Adding/fixing DNSProxy metrics
A few changes are made here:
cilium_fqdn_semaphore_rejected_totalwasn't being updated correctly, due to an incorrect error check. This is fixed now.- Based on the discussion here, the field
scope:datapathTimeincilium_proxy_upstream_reply_secondswas split into two different scopes:policyGenerationTime(for updating the DNS caches and policy caches) anddatapathTime(which include the async policy map updates and the identity cache updates).
Fixes `semaphore_rejected_total` metric and adds new `scope` to `proxy_upstream_reply_seconds` metric.
Signed-off-by: Rahul Joshi [email protected]
/assign @joestringer
@joestringer friendly ping here.
/test
/test
I'm not sure what's going on with the jenkins CI jobs, I've started a thread on Slack to follow up.
EDIT: Retrying below in case this is some transient upstream error with GitHub.
/test
It looks like the L4LB failure is introduced because the PR is not recently rebased.
We are actively investigating the Jenkins failures, they do not appear to be related to the PR content. Until we've resolved that issue, there is no need to take further action. Once we've resolved it, you can rebase the PR and we should be OK to proceed with running the tests again.

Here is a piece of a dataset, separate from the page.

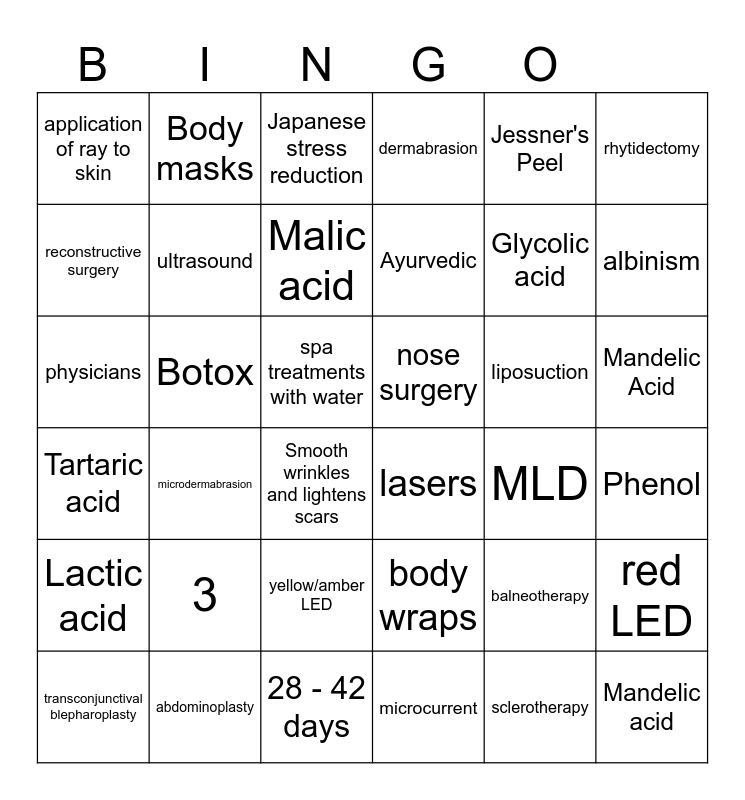 This bingo card has 37 words: balneotherapy, body wraps, sclerotherapy, reconstructive surgery, microdermabrasion, liposuction, ultrasound, microcurrent, Jessner's Peel, transconjunctival blepharoplasty, albinism, dermabrasion, physicians, spa treatments with water, rhytidectomy, nose surgery, 3, Japanese stress reduction, Mandelic Acid, Botox, application of ray to skin, Ayurvedic, Smooth wrinkles and lightens scars, MLD, abdominoplasty, Phenol, Body masks, 28 - 42 days, red LED, yellow/amber LED, blue LED, lasers, Glycolic acid, Lactic acid, Tartaric acid, Malic acid and Mandelic acid.

That issue affecting the jenkins tests should be resolved now. Please rebase, and I will kick off the full testsuite afterwards.
Ok rebase is done.
/test
Job 'Cilium-PR-K8s-1.23-kernel-5.4' failed:
Click to show.
Test Name
K8sDatapathConfig Host firewall With VXLAN
Failure Output
FAIL: Failed to reach 192.168.56.12:80 from testclient-tjqw9
If it is a flake and a GitHub issue doesn't already exist to track it, comment /mlh new-flake Cilium-PR-K8s-1.23-kernel-5.4 so I can create one.

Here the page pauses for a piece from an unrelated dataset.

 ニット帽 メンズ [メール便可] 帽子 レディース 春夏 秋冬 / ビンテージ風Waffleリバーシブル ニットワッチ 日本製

Job 'Cilium-PR-K8s-1.25-kernel-net-next' failed:
Click to show.
Test Name
K8sDatapathConfig Check BPF masquerading with ip-masq-agent DirectRouting
Failure Output
FAIL: Failed to add ip route
If it is a flake and a GitHub issue doesn't already exist to track it, comment /mlh new-flake Cilium-PR-K8s-1.25-kernel-net-next so I can create one.
It looks like the previous test results have expired so we can't know the results. Can you rebase once more on tip of master and I'll re-kick CI to see if there are any reliable failures introduced by this PR?
/test
/test
This pull request has been automatically marked as stale because it has not had recent activity. It will be closed if no further activity occurs. Thank you for your contributions.
@joestringer @aanm can we merge this?
I think we're waiting for a green CI run. I can kick off the tests.
/test
The fuzz test seems to have OOM'd -- if I'm reading that correctly. And I think the codeql is failing due to some golang version mis-match?
Fuzz failure may be https://github.com/cilium/cilium/issues/22459 .
I don't know about the CodeQL error. It's not marked as a required job but could you file an issue for that failure? We don't need to block the PR based on it, I just want to make sure we're tracking failures across the codebase so that others can search for the same failure and identify whether it's relevant to their PR + collaborate on fixes.
net-next job failed vm provisioning, we can re-kick that.
/test-1.26-net-next
Filed https://github.com/cilium/cilium/issues/22488 -- couldn't find the zip file but I hope there's enough info there to start looking into it.
Travis looks like it only hit an issue on arm64, seems to be some upstream provider issue for the apt repository for dependencies in the test. This PR shouldn't impact that.
@rahulkjoshi was there anything meaningful in the latest change that you think may require CI to run to validate that? I didn't get a chance to see whether the last test I ran was successful or not, and now there's a fresh version the CI hasn't run for the PR any more.
I guess all the other jobs were passing or failing with known/acceptable failures, so only the net-next job needs to run again to check. I'll re-run just that one.
/test-1.26-net-next
The net-next run hit #22504 again. I've seen that in other PRs now too, so it's not related to this PR. Looking back over the changes, the risk of breakage on some specific k8s version or so on is very low, and previously we had almost all green test runs. I'm OK to merge this as-is.